Indonesia is “Asia’s next big opportunity,” thanks to a fast-growing economy (up 5.8% in 2013) and favorable demographics. Indonesia is among of the fastest growing countries in the G-20 (the industrially driven countries) and currently the 15th biggest economy in the world, the fifth in Asia after China, Japan, India and South Korea, and by far the biggest in Southeast Asia. Indonesia consists of 17,508 islands, with more than 240 million people, giving it the fourth largest population in the world. Over 60% of the population is between the ages of 20 and 65, giving the country a large bank of earners and not too many senior citizens for workers to support. In 2003, the middle class made up only 37.7% but in 2012, the total middle class was 56.5% of the total population.
The current situation also shows that Indonesia is a potential minefield for foreign investors when FDI grew in 2013 by 18.9% to US$6.54 billion in the second quarter. Aside from FDI, domestic investment also increased by 59.1% from US$2.04 billion to US$3.25 billion. In general, total investment in Indonesia during the second quarter of 2013 increased by 29.8% to US$9.78 billion.
The Indonesia Investment Coordinating Board (BKPM) has launched a One-Stop-Service (OSS) for investment licenses and non-licensing services. OSS consolidates complete licensing and non-licensing procedures for investment in single office that has the authority from related technical institutions or ministries to issue licensing and non-licensing documents in particular sectors. OSS was implemented to provide easy, fast, precise, accurate, transparent and accountable services. In addition, it supports BKPM tasks to tailor a competitive investment climate to strengthen the quality of the national economy.

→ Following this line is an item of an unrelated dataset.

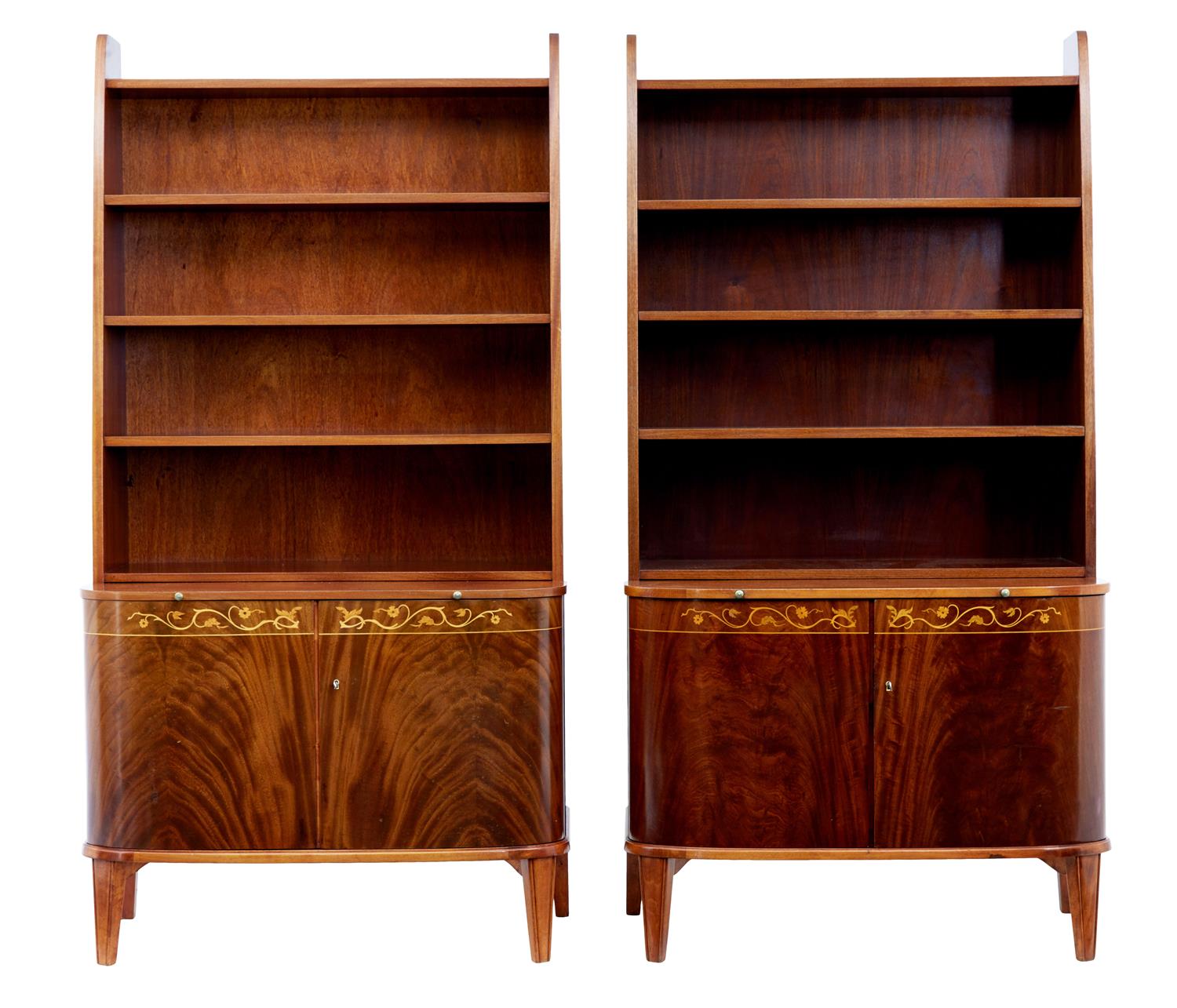 Pair of Mid 20th Century Flame Mahogany Scandinavian Bookcases by Bodafors

Indonesia has a labor force of approximately 122 million people, which is a 69.21% labor force participation rate. This is more than the US (68%) and higher than the global average (63.6%). The government estimates that Indonesia has about 55 million skilled workers. A study by the British Council finds that in the 2035, Indonesian post-secondary students will be ranked among the top 10 worldwide in terms of numbers. About 2.6 million Indonesian students will enter the higher education system in next decade. This will improve the quality of the Indonesian labor force in the coming years.

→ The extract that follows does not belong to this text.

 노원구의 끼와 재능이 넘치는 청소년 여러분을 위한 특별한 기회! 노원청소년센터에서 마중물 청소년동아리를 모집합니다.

Indonesia’s debt to GDP ratio has steadily declined from 83% in 2001 to less than 26% by the end of 2013, which is the lowest among ASEAN countries, aside from Singapore, which has no government debt. This is the reason why Indonesia continues to be a good investment destination. Regarding Indonesia’s credit rating:
In term of natural resources, Indonesia is the world’s second largest mega centre of biodiversity after Brazil and is the natural habitat for about 90% of the medicinal plants species found in Asia. Indonesia also had a total plantation area of about 21.6 million Ha in 2013, with total production from agriculture accounting for 35.6 million tons. The top three in commodities in the agriculture sector are rubber, palm oil, and cacao. Indonesia’s income from exports of crude palm oil is predicted to reach US$80.9 billion.